### YOUR ASSIGNMENT
From the line with "The three-year EU-China" to the line with "PIRATES WAR CHEST", output every line below exactly, both ends included. Skip the pictures.

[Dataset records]

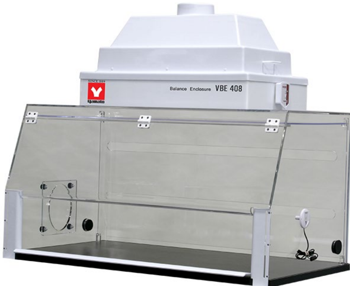
VBE480 Vented Balance Enclosure (front view)

During normal operation, the backward curved impeller maintains a face velocity into the enclosure which prevent particulates from escaping. The impeller pulls air into the enclosure, through the back baffle and then through the HEPA filter. Any particulates that are generated inside the enclosure are swept away from the operator and into the back baffle. The air flow alarm continually monitors the face velocity and alarms when air flow deviates -20% from target face velocity.
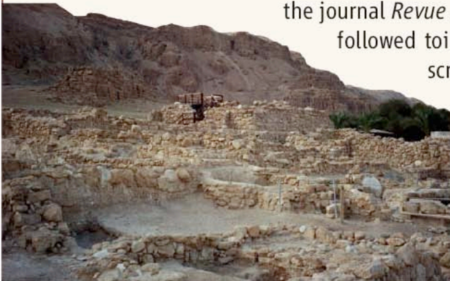
Alleged latrine is behind rocks at upper left.
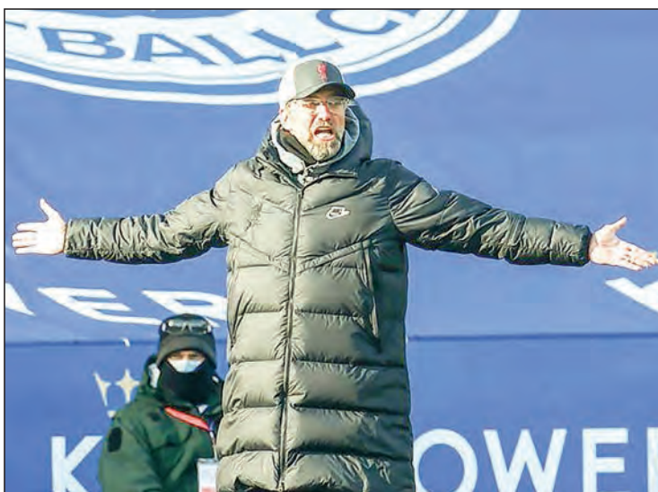
Liverpool manager Jurgen Klopp.

LONDON — Jurgen Klopp says Liverpool won't focus on catching Manchester City when he reviews what went wrong in their disastrous Premier
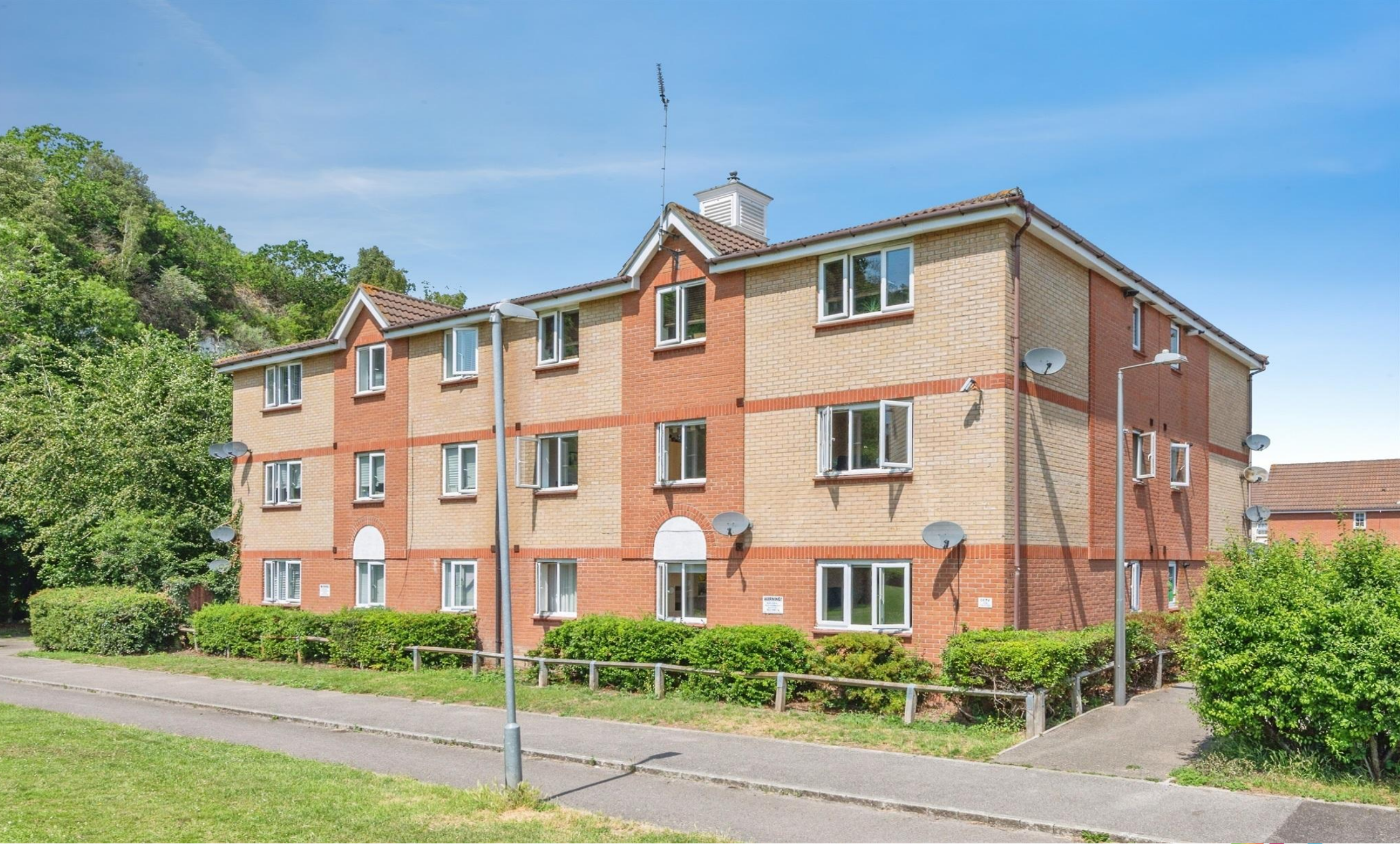
Frobisher Gardens, Chafford Hundred Grays RM16 6EY
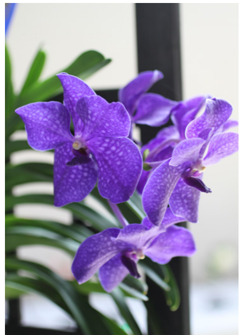
"Back to Paris!" Flower Show photos by Jeff Tryon.
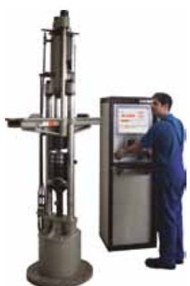
Amsler ZBD57 - 200 kN
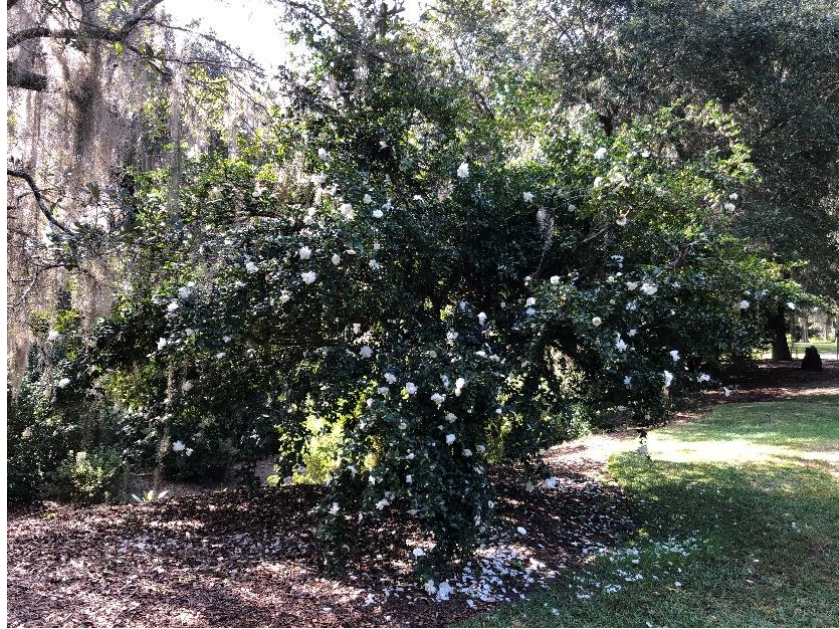
Blooming White Camellia
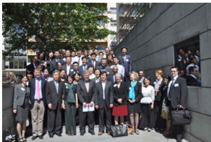
EU China Human Rights participants in Madrid

The three-year EU-China Human Rights Network project provides a grant of 1.5 million Euro to the Irish Centre for Human Rights to develop and lead an unrivalled network of human rights specialists from across the EU and China. The 30 European and 20 Chinese institutions involved in the Network collaborate with non-governmental organizations to analyse human rights practices through the EU-China Human Rights Seminar process and associated activities. The next EU-China Human Rights Seminar will take place in China in the last quarter of 2010.
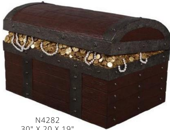
N4282 30" X 20 X 19" PIRATES WAR CHEST
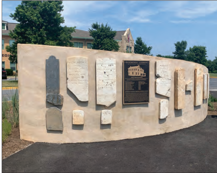
Cemetery headstones preserved by Saint Katharine Drexel Church
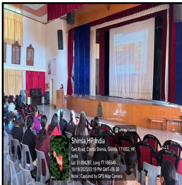
Session on the Importance of Counselling in Student's Life (October 19, 2023)
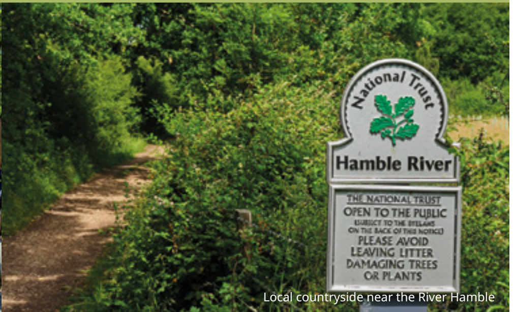
Local countryside near the River Hamble
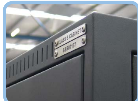
Nameplate with rack serial number
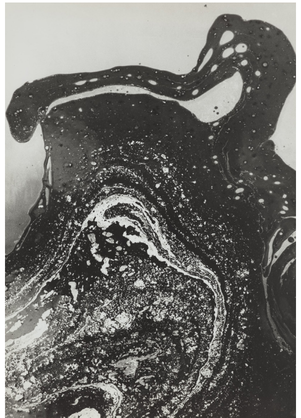
Henriette Grindat, Matière , 1962 © Henriette Grindat / Fotostiftung Schweiz.
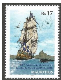
300 th Anniversary of the French Landing in Mauritius (1715–2015)
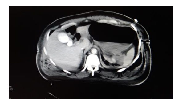
Figure 2. Abdomen CT scan.
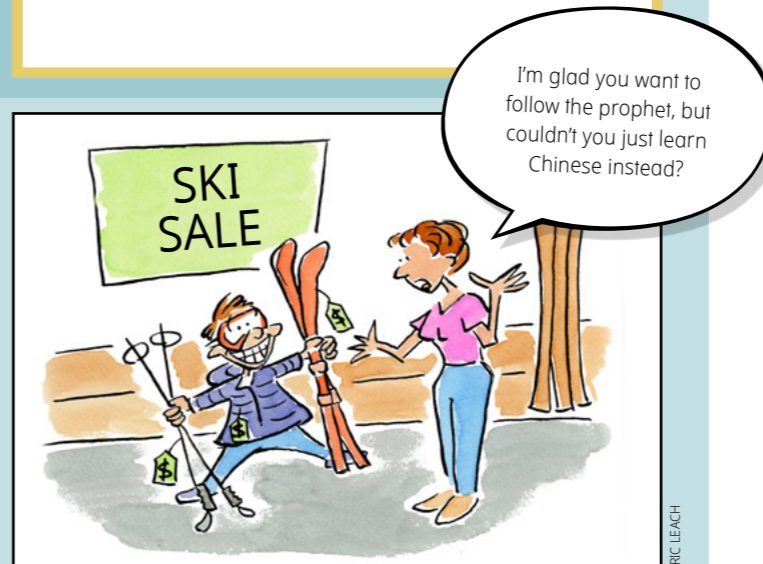
ILLUSTRATIONS BY DAVID KLUG
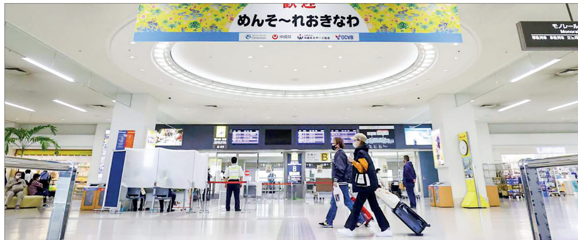
A near-deserted Naha Airport is seen on 8 January amid a coronavirus outbreak in Japan's Okinawa Prefecture.

The scientists modelled the spike proteins in a simpler way – with each spike protein represented by a single sphere on the surface of the ellipsoids.
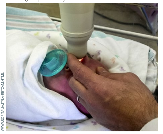
Figure 2 Screening using a RetCam, which uses a probe placed gently on the eye

Over the last few years, wide-field digital imaging systems, instead of indirect ophthalmoscopy, have also been used for screening. The retinal image can be captured by an ophthalmologist, a trained nurse, or a technician (Figure 2). However, an experienced
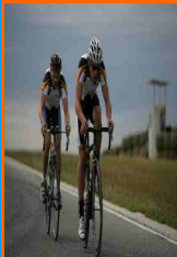
On the bikes: Photo — Tim Pyper

Western Australia's Mt Augustus is the largest rock in the world.
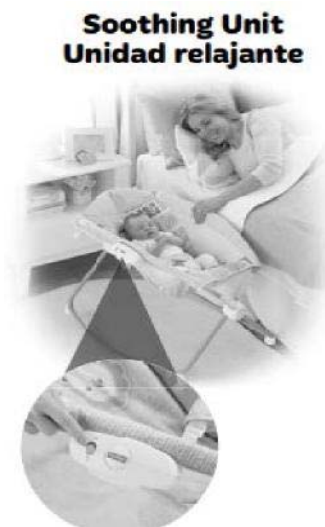
Above: Figure 11

129. The manuals are also misleading beyond the inadequate and misleading warning section. For example, the manuals show images of mothers lying down in bed, covered with blankets, which indicates either that they are ready for sleep or awakening from sleep. Below is an example: 54

### OUTPUT FOR THIS TASK
The three-year EU-China Human Rights Network project provides a grant of 1.5 million Euro to the Irish Centre for Human Rights to develop and lead an unrivalled network of human rights specialists from across the EU and China. The 30 European and 20 Chinese institutions involved in the Network collaborate with non-governmental organizations to analyse human rights practices through the EU-China Human Rights Seminar process and associated activities. The next EU-China Human Rights Seminar will take place in China in the last quarter of 2010.
N4282 30" X 20 X 19" PIRATES WAR CHEST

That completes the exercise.